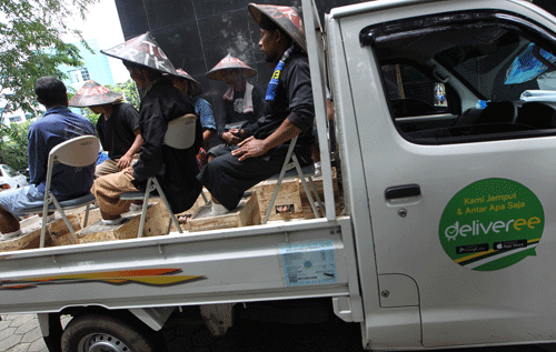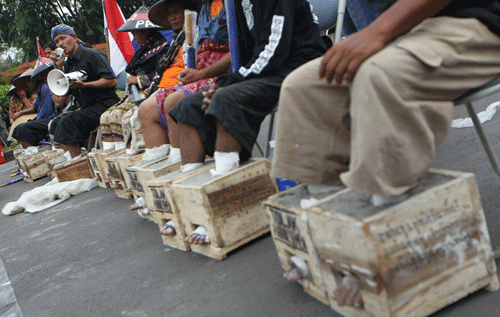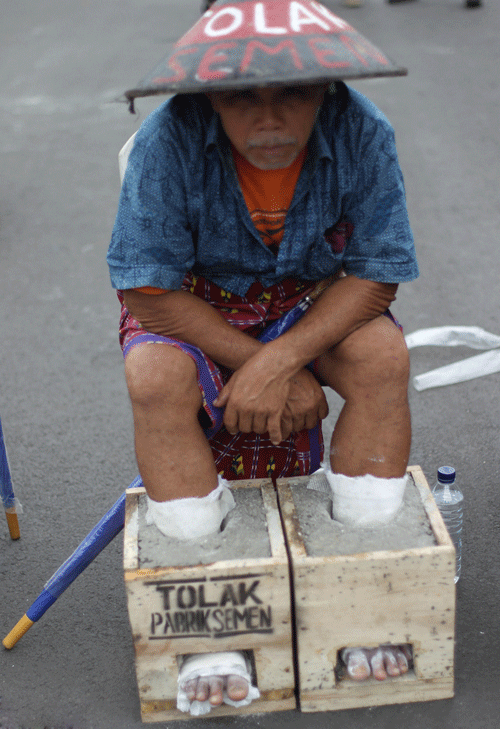 當(dāng)?shù)貢r(shí)間2017年3月14日,印尼雅加達(dá),Kendeng山區(qū)農(nóng)民抗議當(dāng)?shù)亟ㄔ焖鄰S,將雙腳裝在用水泥灌注的木箱里。
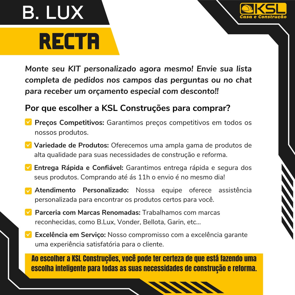 Vendido pela loja KSL Construções com avaliação 4.9/5 na Shopee e 12 produtos catalogados aqui no SuperOfertas Brasil. Esta loja ocupa a 19.034ª colocação no ranking de lojas por volume total de vendas registradas (entre 138.316 lojas).
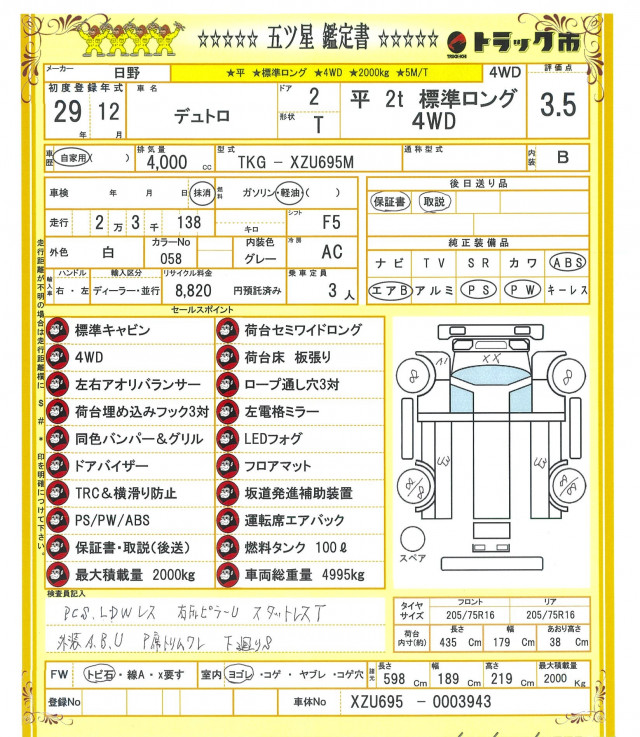 ★平ボディー★標準キャビン★荷台セミワイドロング★4WD★床板張り★左右アオリバランサー★ロープ通し穴3対★荷台埋め込みフック3対★左電格ミラー★LEDフォグ★TRC&横滑防止装置★坂道発進補助装置★保証書・取説(後送)★燃料タンク100L★
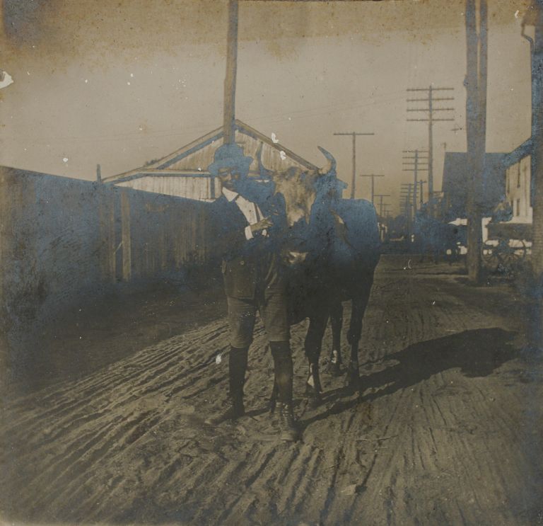 [Untitled - Man poses with a bull, United States].

---

Would you repeat the listing above exactly, minus the images?

(YOUR SOLUTION):
 當(dāng)?shù)貢r(shí)間2017年3月14日,印尼雅加達(dá),Kendeng山區(qū)農(nóng)民抗議當(dāng)?shù)亟ㄔ焖鄰S,將雙腳裝在用水泥灌注的木箱里。
 Vendido pela loja KSL Construções com avaliação 4.9/5 na Shopee e 12 produtos catalogados aqui no SuperOfertas Brasil. Esta loja ocupa a 19.034ª colocação no ranking de lojas por volume total de vendas registradas (entre 138.316 lojas).
 ★平ボディー★標準キャビン★荷台セミワイドロング★4WD★床板張り★左右アオリバランサー★ロープ通し穴3対★荷台埋め込みフック3対★左電格ミラー★LEDフォグ★TRC&横滑防止装置★坂道発進補助装置★保証書・取説(後送)★燃料タンク100L★
 [Untitled - Man poses with a bull, United States].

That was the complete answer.